Not sure where the information in the above two posts comes from - I read it was University of Colorado pens, not gov't of Colorado pens - and the animals found infected there were elk, not mule deer. And I believe the infected animals to that Neilburg Sask game farm might have come from New Mexico, not Colorado. But I am not going to bother to find those sources. As per Post #31, scapies in sheep was documented in England in 1700's - not sure there is any evidence that "scapies" prion has ever affected the thousands or tens of thousands of human sheep handlers - ever - since then.
 
Not sure where the information in the above two posts comes from - I read it was University of Colorado pens, not gov't of Colorado pens - and the animals found infected there were elk, not mule deer. And I believe the infected animals to that Neilburg Sask game farm might have come from New Mexico, not Colorado. But I am not going to bother to find those sources. As per Post #31, scapies in sheep was documented in England in 1700's - not sure there is any evidence that "scapies" prion has ever affected the thousands or tens of thousands of human sheep handlers - ever - since then.

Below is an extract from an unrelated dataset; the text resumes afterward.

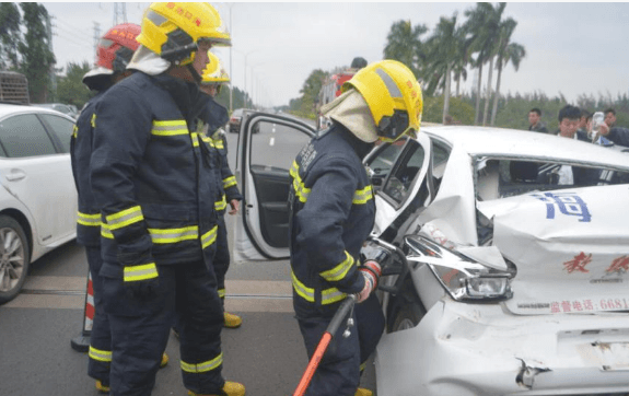 12月9日15時20分,海口市消防支隊119指揮中心接到群眾報警:位于??谑邪遵x大道文昌往??诜较虬l(fā)生一起交通事故,有人員被困,請求救助。接到報警后,指揮中心立即調(diào)派瓊山消防大隊國興中隊2輛消防車11名消防員趕往現(xiàn)場。

I was attending University back in the 80's and thinking of getting into elk farming. I did a lot of research, so I stand by my earlier post. Are not Universities publicy owned and hence "government institutions"? The infected animals were most definitely Mule deer and they ( the survivors) were released back into the wild at the end of the study. I agree that the risk of the prion jumping species is extremely rare.
If you talk to the elk ranchers in Saskatchewan, the standard line is that the disease has always been here. (Something you implied as a possiblity in an earlier post.) That is clearly not the case. It was spread by trucking elk to various locations.
 
Mass Culling is Dumb but what do you expect from the Govt and "Experts".

It is exactly how natural selection works, some will be resistant or immune and will be more successful at breeding.